Task to carry out
Skip all pictures. Write out the data below from its first line through the line that contains "de su familia.".

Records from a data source
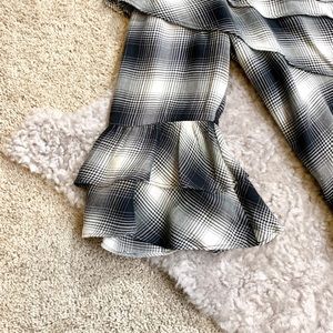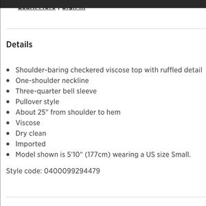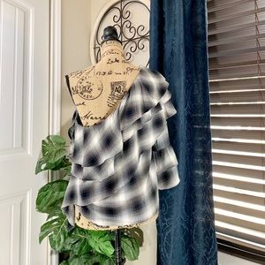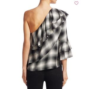 New super cute Alice and Olivia top that is shoulder barons on one side . Effortless style to wear day to night ..This top has ruffle detailing throughout with ruffled bottom arms details as pictured
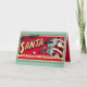 ¡Personaliza con tus propios saludos de Navidad y tu apellido! Asegúrese de escribir el mensaje y el nombre dos veces para completar el efecto de sombra de caída. El diseño es de un anuncio de Navidades retro. El texto dice: "¡Hey niños! Papá Noel está aquí en nuestro departamento de juguetes todos los días desde el mediodía hasta el 5." Cuando un niño y un chica corren a saludar a un Papá Noel que ondea. En el interior se puede leer "Feliz Navidad desde" con espacio para el nombre de su familia.
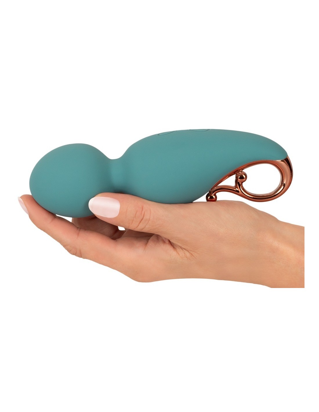 Il massaggiatore, piccolo e leggero, è facile da tenere in mano e da guidare grazie all'impugnatura ad anello elegantemente ricurva. Un motore potente e silenzioso con 16 modalità di vibrazione offre un piacere discreto e molto vario. Le modalità possono essere facilmente regolate con la semplice pressione di un pulsante. Le vibrazioni sono particolarmente forti nella testa e appena percettibili nell'impugnatura.
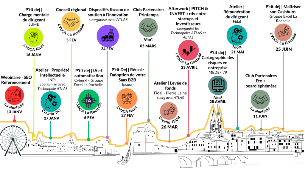 Nous organisons des évènements pour répondre aux besoins, problématiques de l’ensemble de l’écosystème de la Charente-Maritime et des Deux-Sèvres. :
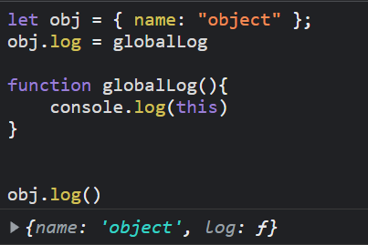 將全域的 globalLog 函式指定給物件的 log,由於呼叫函式的對象是 obj,因此 this 指向的是 obj 本身
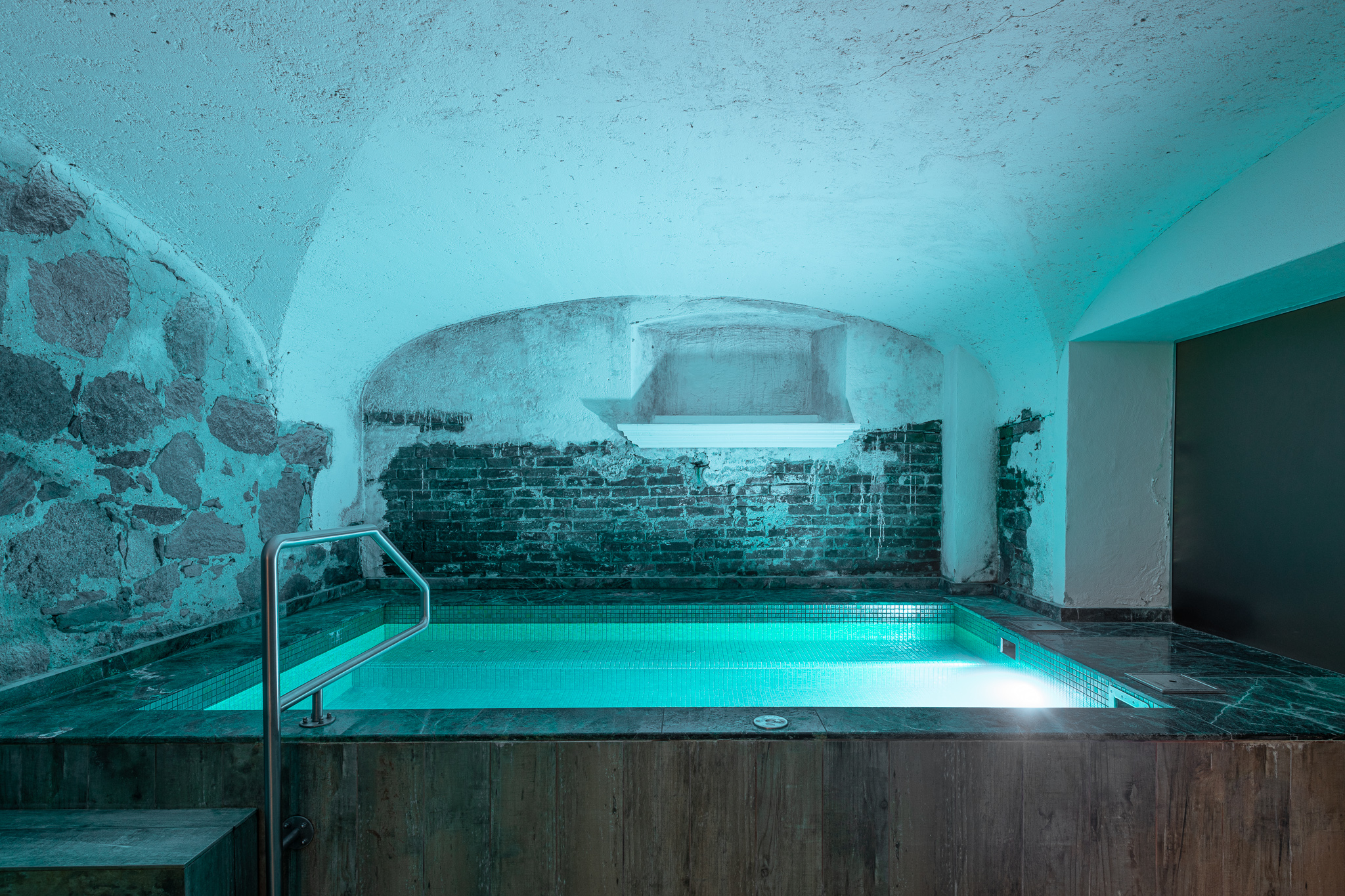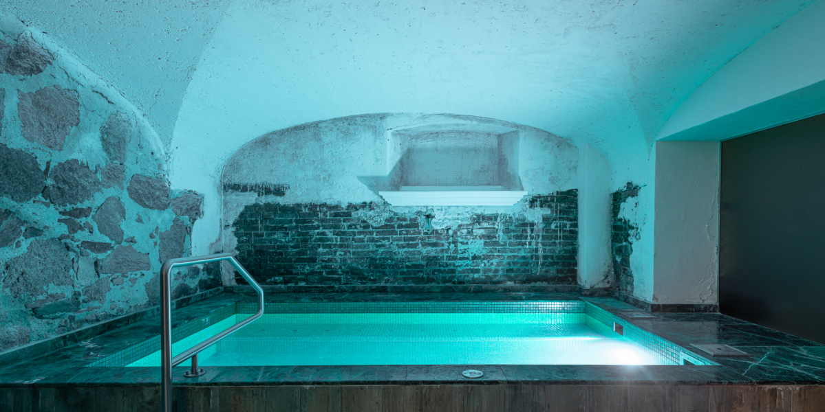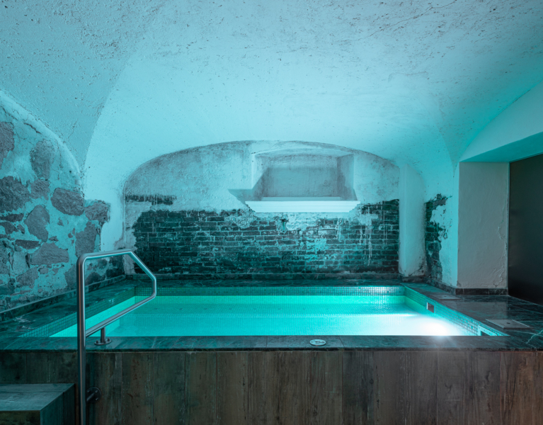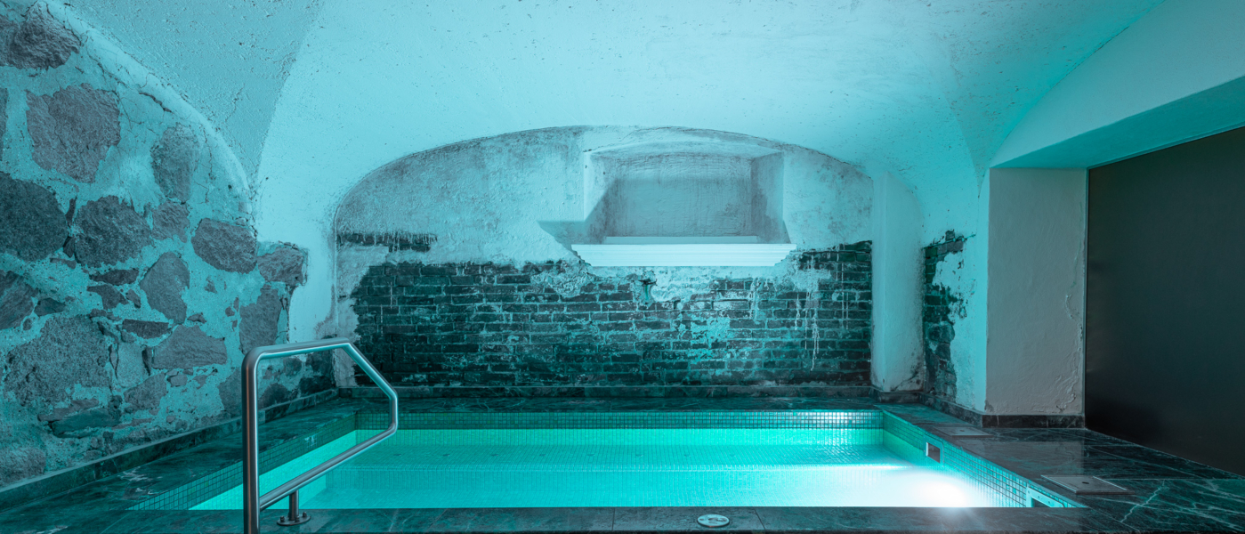Yksityisessä kylpylässä on runsaasti erilaisia rentoutusnurkauksia, joissa voi halutessaan katsella värikkäitä akvaariokaloja tai ihailla linnapuiston kauneutta.

Written reply
 New super cute Alice and Olivia top that is shoulder barons on one side . Effortless style to wear day to night ..This top has ruffle detailing throughout with ruffled bottom arms details as pictured
 ¡Personaliza con tus propios saludos de Navidad y tu apellido! Asegúrese de escribir el mensaje y el nombre dos veces para completar el efecto de sombra de caída. El diseño es de un anuncio de Navidades retro. El texto dice: "¡Hey niños! Papá Noel está aquí en nuestro departamento de juguetes todos los días desde el mediodía hasta el 5." Cuando un niño y un chica corren a saludar a un Papá Noel que ondea. En el interior se puede leer "Feliz Navidad desde" con espacio para el nombre de su familia.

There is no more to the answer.